((

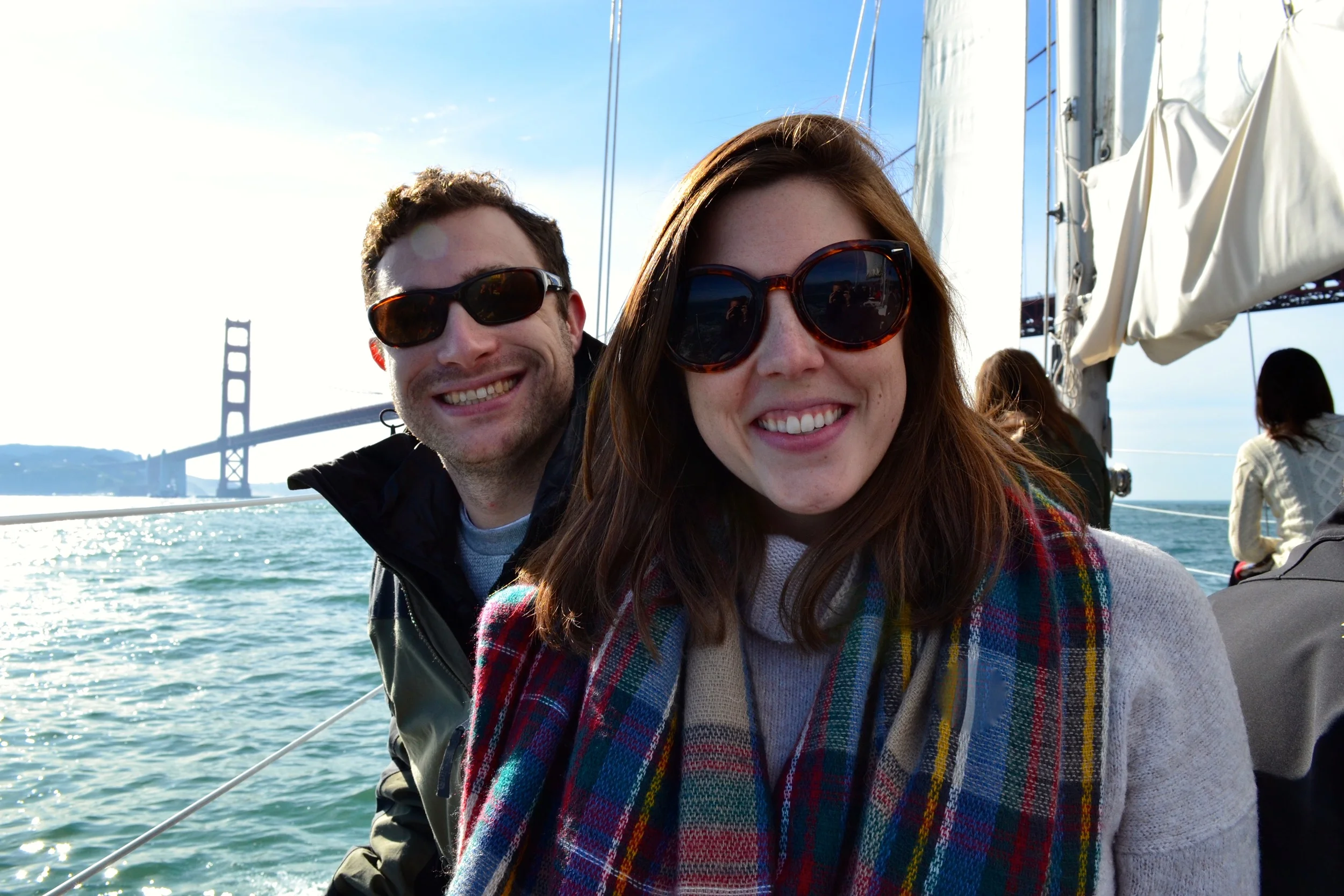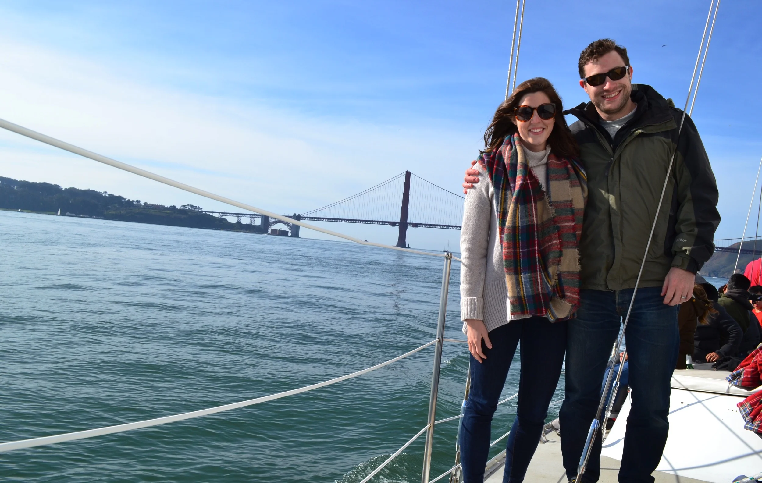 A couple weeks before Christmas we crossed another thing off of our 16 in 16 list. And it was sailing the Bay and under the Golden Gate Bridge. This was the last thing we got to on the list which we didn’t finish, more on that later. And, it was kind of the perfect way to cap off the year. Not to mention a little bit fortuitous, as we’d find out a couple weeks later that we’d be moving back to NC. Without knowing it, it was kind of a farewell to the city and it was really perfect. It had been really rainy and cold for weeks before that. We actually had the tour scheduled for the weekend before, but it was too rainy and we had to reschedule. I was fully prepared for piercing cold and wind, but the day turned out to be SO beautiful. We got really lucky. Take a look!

))
((

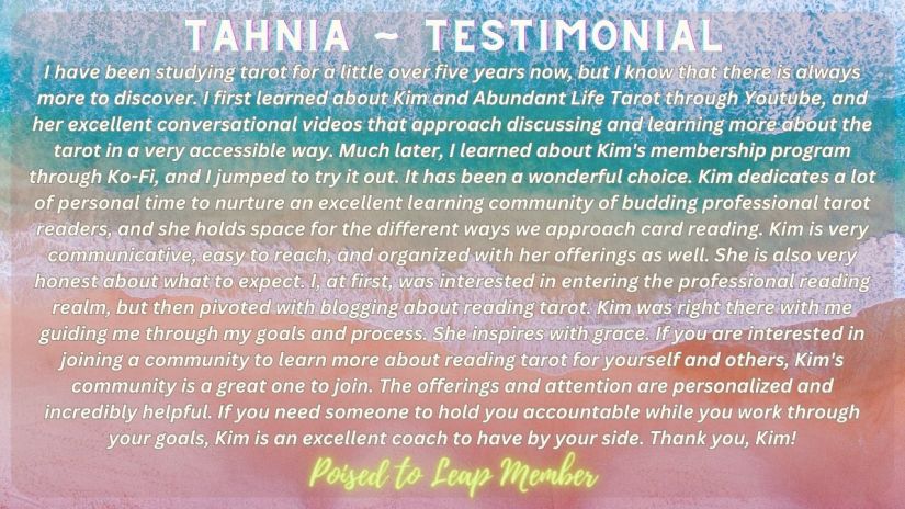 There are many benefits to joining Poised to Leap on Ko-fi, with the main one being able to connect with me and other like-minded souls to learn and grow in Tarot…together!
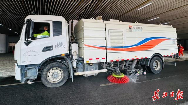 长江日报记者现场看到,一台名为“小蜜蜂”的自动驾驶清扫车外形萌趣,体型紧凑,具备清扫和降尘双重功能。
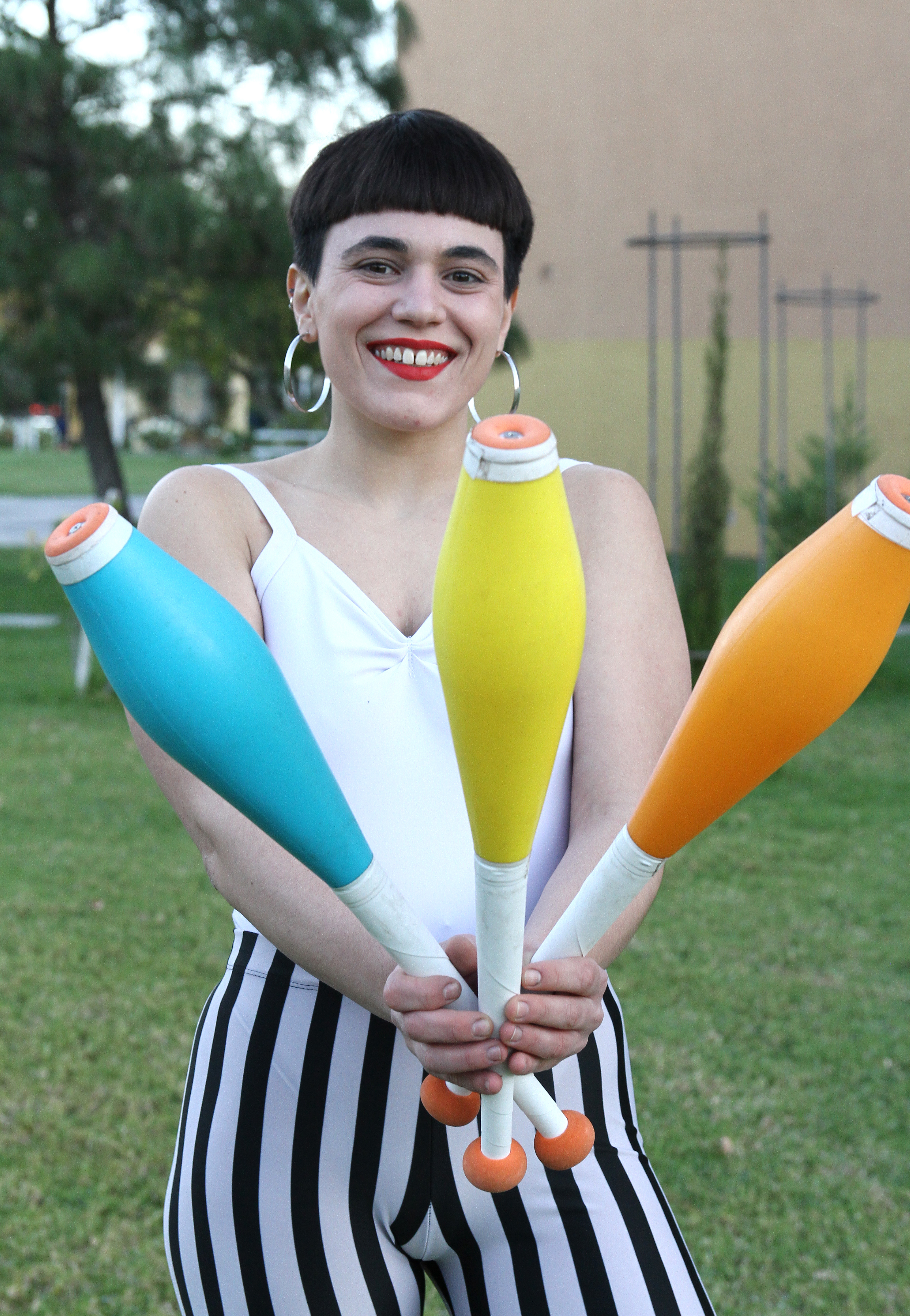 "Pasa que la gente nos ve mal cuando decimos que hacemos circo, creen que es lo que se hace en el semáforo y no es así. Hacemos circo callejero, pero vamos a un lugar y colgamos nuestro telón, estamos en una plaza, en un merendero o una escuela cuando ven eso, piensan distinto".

))
((

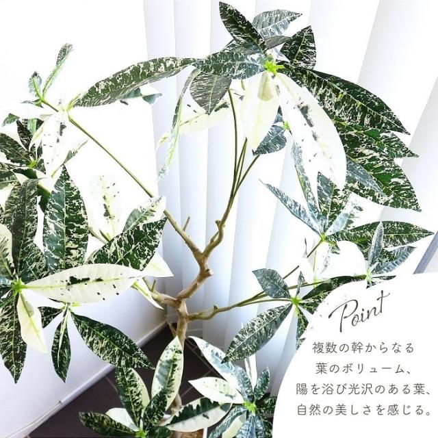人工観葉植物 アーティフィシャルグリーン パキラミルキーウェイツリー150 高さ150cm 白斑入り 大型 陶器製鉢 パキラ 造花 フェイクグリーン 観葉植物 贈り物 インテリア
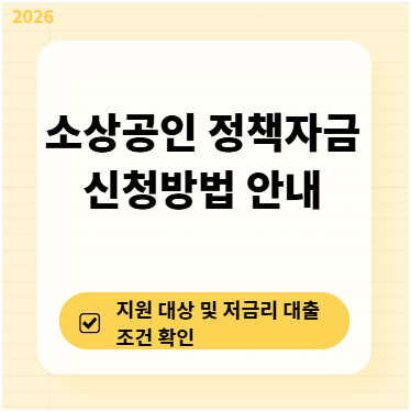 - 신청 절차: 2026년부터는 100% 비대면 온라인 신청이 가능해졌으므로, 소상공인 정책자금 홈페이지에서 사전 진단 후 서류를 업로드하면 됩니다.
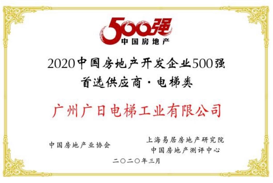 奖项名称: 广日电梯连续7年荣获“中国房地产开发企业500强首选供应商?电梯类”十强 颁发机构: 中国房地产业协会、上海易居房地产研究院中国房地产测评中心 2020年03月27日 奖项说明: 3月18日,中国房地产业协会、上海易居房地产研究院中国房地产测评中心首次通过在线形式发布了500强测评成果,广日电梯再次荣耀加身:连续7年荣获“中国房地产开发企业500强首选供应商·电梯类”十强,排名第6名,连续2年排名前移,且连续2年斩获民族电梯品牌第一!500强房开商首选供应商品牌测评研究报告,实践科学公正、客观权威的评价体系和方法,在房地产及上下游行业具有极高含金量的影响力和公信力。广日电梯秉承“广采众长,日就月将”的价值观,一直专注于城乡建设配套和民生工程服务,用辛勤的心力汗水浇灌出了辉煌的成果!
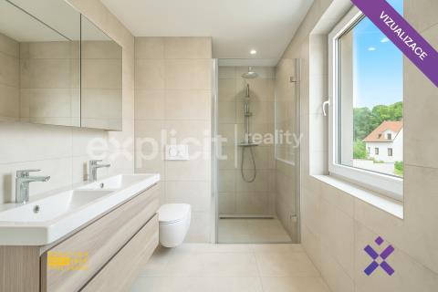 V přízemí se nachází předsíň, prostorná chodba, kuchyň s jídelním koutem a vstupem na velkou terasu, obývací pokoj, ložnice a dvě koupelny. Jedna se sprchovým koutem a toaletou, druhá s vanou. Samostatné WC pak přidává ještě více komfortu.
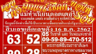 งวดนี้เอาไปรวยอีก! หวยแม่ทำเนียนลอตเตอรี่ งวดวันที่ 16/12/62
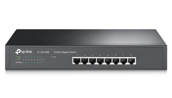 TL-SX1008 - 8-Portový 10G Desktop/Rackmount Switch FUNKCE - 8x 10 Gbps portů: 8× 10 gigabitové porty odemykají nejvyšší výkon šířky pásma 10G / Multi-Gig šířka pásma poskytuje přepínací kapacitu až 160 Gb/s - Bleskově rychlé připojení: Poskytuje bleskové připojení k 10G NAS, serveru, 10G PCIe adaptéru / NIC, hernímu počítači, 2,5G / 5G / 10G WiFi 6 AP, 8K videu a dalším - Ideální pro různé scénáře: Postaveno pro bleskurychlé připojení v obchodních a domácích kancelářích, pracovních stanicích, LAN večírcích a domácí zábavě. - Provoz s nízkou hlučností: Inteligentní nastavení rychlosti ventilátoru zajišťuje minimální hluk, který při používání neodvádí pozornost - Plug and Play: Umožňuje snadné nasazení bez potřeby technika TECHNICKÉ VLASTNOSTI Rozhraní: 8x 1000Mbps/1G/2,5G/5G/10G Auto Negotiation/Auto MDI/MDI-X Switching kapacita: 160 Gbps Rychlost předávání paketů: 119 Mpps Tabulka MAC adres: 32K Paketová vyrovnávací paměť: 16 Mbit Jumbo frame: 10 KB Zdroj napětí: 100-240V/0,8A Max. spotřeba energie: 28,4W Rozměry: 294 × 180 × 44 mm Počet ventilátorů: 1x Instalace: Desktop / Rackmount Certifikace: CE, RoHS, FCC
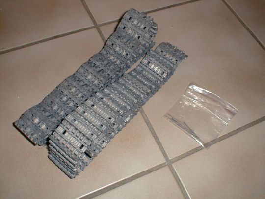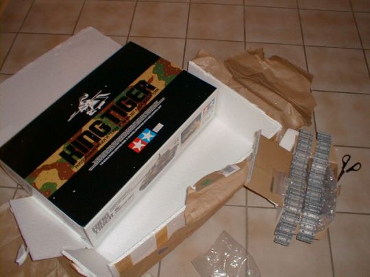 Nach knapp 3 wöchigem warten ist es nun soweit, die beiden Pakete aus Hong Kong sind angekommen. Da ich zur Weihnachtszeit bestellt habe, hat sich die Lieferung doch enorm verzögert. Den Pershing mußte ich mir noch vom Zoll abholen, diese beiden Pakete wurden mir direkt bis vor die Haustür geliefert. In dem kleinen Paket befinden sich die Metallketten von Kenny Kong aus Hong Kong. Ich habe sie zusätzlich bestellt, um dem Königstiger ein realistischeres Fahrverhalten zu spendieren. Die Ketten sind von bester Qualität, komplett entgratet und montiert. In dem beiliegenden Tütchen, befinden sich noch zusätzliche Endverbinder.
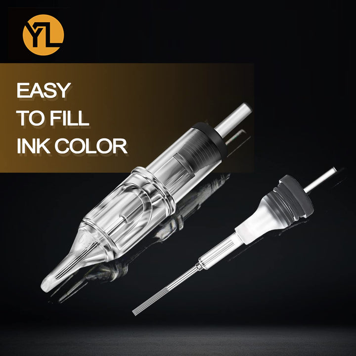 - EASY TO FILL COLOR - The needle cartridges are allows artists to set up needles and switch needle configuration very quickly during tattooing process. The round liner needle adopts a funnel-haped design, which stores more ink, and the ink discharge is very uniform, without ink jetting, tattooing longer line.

))

*What the task asks*. Reproduce the data above exactly, but only from the line containing "V přízemí se" through the line containing "งวดนี้เอาไปรวยอีก! หวยแม่ทำเนียนลอตเตอรี่ งวดวันที่". Omit all pictures.

*Exercise solution*.
 V přízemí se nachází předsíň, prostorná chodba, kuchyň s jídelním koutem a vstupem na velkou terasu, obývací pokoj, ložnice a dvě koupelny. Jedna se sprchovým koutem a toaletou, druhá s vanou. Samostatné WC pak přidává ještě více komfortu.
 งวดนี้เอาไปรวยอีก! หวยแม่ทำเนียนลอตเตอรี่ งวดวันที่ 16/12/62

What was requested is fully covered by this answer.